At the end of the first week Tahu Ishtar paid me a visit, carrying something rolled up under his arm. He spread it out on the floor for me to see and for an instant my heart almost died within me—it was the skin of one of the lions.
“The villagers are tanning all three that you might have them as trophies. This is the first.”
He sat down on a stool near my bed, adjusting his tunic around him with an air of great dignity and giving the impression that this was something of an official call.
“They also wish me to tell you, lest you be uneasy in your mind, that they poured libations over the dead animals so that their ghosts will not seek revenge against you.”
“What happened?” I asked, pulling myself up a little on the cushions behind my back. “How did they. . ?”
Tahu Ishtar peered into my face, his eyebrows raised in surprise. “You mean, you do not know?
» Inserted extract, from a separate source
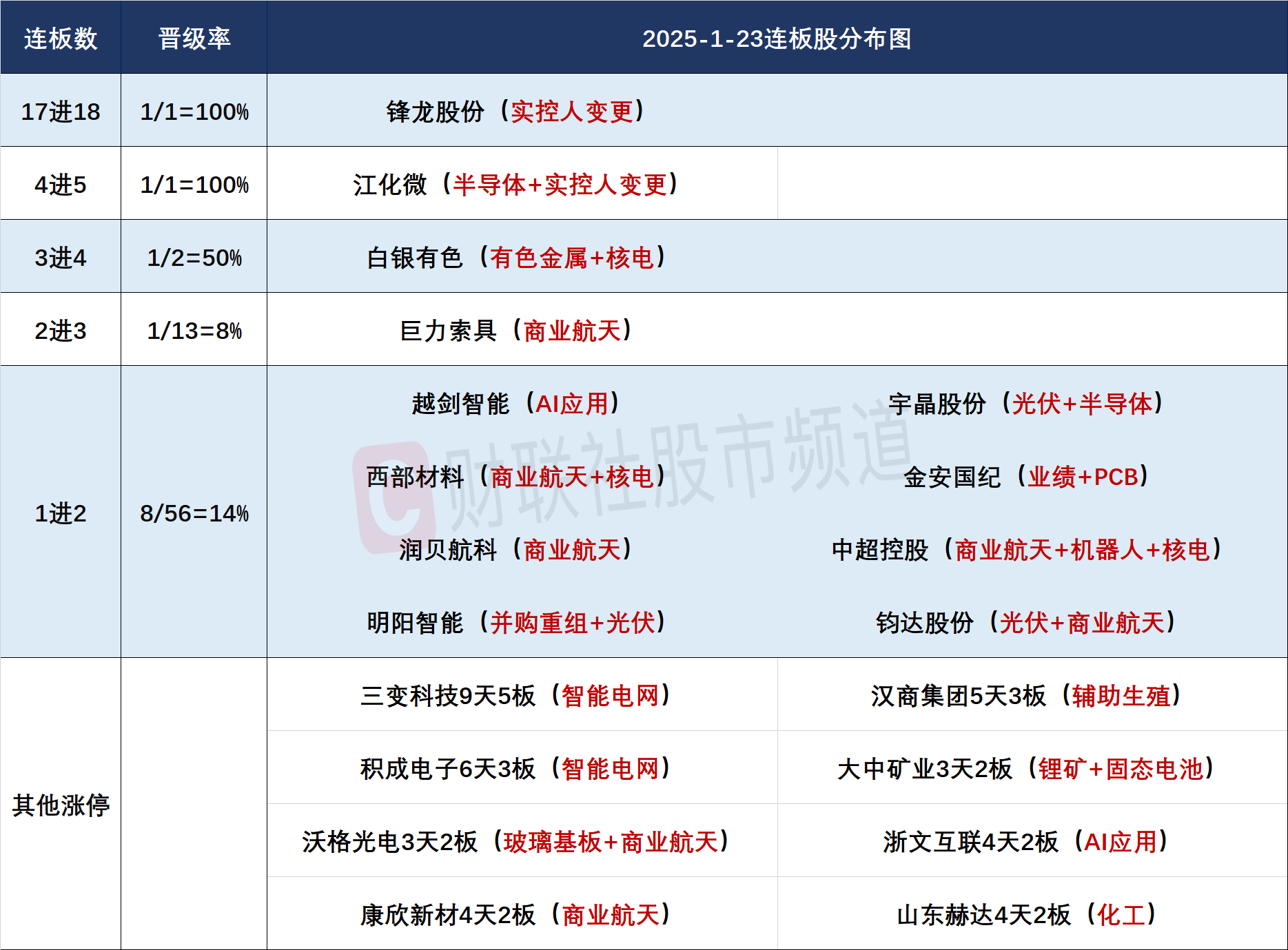 板块方面,商业航天概念在密集利好催化下继续强劲反弹,超三十股涨停或涨逾10%,巨力索具12天7板,西部材料、润贝航科、中超控股均2连板;马斯克在达沃斯表示,在太空设立太阳能AI数据中心是理所当然的事,“太空光伏”引爆市场,光伏板块全线走强,近50股涨停或涨逾10%,其中宇晶股份6天3板,钧达股份、明阳智能2连板,千亿权重隆基绿能涨停,晶科能源、迈为股份、捷佳伟创等20CM涨停。

Then no one does.” He laughed and shook his head. “We found them dead and you not far behind. This one had the hilt of your sword sticking out of its mouth—the point had
gone straight through to the brain. My people, you know, think you are Gilgamesh come back to life. They are grateful for what you have done.”
“I am grateful just to be alive.”
We talked for a while after that, of farming matters and the concerns of the villagers, and then, when Tahu Ishtar sensed I was growing weary, he took his leave. After that he visited me often, sometimes bringing his son Qurdi, who would sit upon the lion skin doubled over and staring into its open mouth. Slowly, with the deliberate caution of a country man who is no fool, Tahu Ishtar became my friend.
I had many visitors in that month of convalescence. Kephalos almost moved in with us and had me awash in his ointments.